«Il tfr così com’è c’è solo in Italia. Certo, se lo mettiamo in busta paga si crea un problema di liquidità per le imprese. Stiamo pensando di dare i soldi che arrivano dalla Bce alle piccole e medie imprese per i lavoratori».
Per la terza volta in tre giorni il premier Matteo Renzi rilancia l’idea del tfr in busta paga. La prima a «Che tempo che fa», domenica scorsa. La seconda lunedì, alla direzione del Pd. La terza ieri, durante un’intervista a «Ballarò». «La misura è in discussione ma non se ne parla nel Documento di economia e finanza», ha detto il ministro dell’Economia Pier Carlo Padoan. Il premier stima l’ammontare che potrebbe entrare nelle tasche dei dipendenti: «Per uno che guadagna 1.300 euro, un centinaio di euro al mese si aggiungerebbero allo stipendio», esemplifica Renzi.
A oggi gli italiani maturano tfr per un valore di 25 miliardi l’anno. Di questi, 5,2 vanno ai fondi pensione. Altri 6 all’Inps. Circa 14 si fermano nelle casse delle piccole e medie imprese. Queste ultime, di fronte al rischio di dover fare a meno di risorse vitali in una fase di stretta creditizia, non si fanno convincere dalle rassicurazioni del premier. «Trasferire fondi dalla Bce alla piccola impresa è cosa che non si era mai vista. Non si può affrontare un tema così serio con leggerezza», taglia corto Giorgio Merletti, alla guida di Rete Imprese oltre che presidente di Confartigianato.
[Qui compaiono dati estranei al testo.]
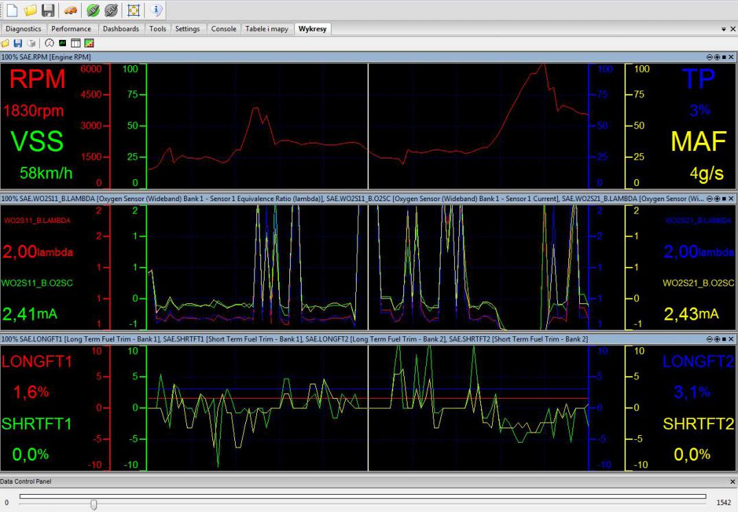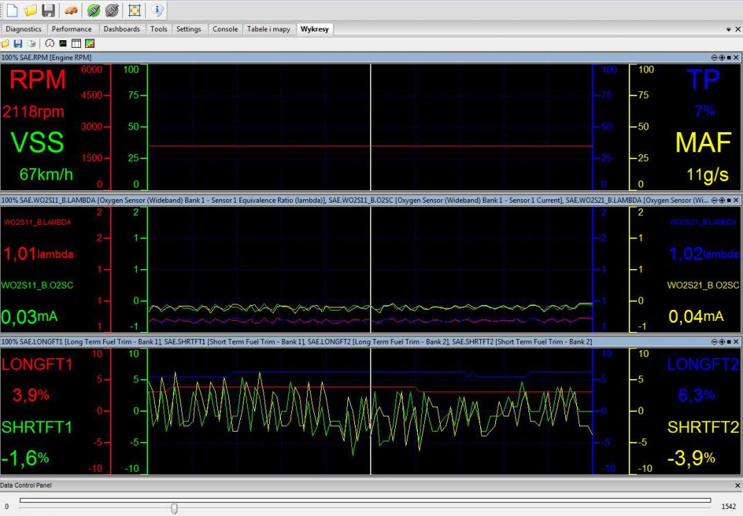 - dodatkowo program pokazuje parametr Lambda, czyli skład mieszanki paliwowo-powietrznej.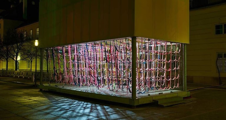 in regelmäßigen abständen sind netze derart aneinandergereiht, dass sie den raum als undurchdringbar erscheinen lassen, und ermöglichen gleichzeitig doch, abhängig von der betrachtungsposition, durchblicke. durch die, in einer geometrischen anordnung gereihten textilen ebenen, wird das leere volumen, in dem farbgruppen muster bilden, erst sichtbar. die perspektive der wahrnehmung erzeugt die dreidimensionalität des raumes, textile bänder verleihen ihm durch ihren hängenden charakter eine haptische komponente.

Il timore delle piccole aziende è che il tfr in busta paga serva anche ad alleggerire (a loro spese) l’onere per le casse dello Stato dell’operazione «80 euro». Una volta che il tfr finisse sullo stipendio, infatti, per una certa fascia di popolazione la retribuzione supererebbe il tetto oltre il quale il bonus non è concesso.
«Se il premier parla di 100 euro in busta paga per una retribuzione netta di 1.300 euro, significa che nello stipendio finisce tutta la liquidazione, non solo il 50% come ipotizzato», fa notare Alberto Brambilla, esperto di previdenza ed ex sottosegretario al Welfare. Sua la riforma della previdenza integrativa del 2005. Ma ciò che allarma di più Brambilla è un altro aspetto: «Togliere il tfr vuol dire incentivare i giovani a non tutelarsi. Con le pensioni che in media ammontano al 60% dello stipendio, il tfr è prezioso a fine carriera. E cruciale per chi resta senza lavoro».
Tutto da capire il meccanismo con cui le banche potrebbero garantire le risorse alle imprese che devono privarsi dei tfr accantonati. Ogni anno le aziende rivalutano le liquidazioni per un ammontare pari al 75% dell’inflazione più un 1,5%. Questo significa che alle imprese il tfr quest’anno costerà circa l’1,5% di interessi. Difficilmente le banche potrebbero prestare soldi a tassi migliori. «E per le aziende non meritevoli di credito servirebbe un fondo di garanzia», aggiunge Brambilla. Ultimo ma non trascurabile: all’Inps verrebbero a mancare sei miliardi l’anno.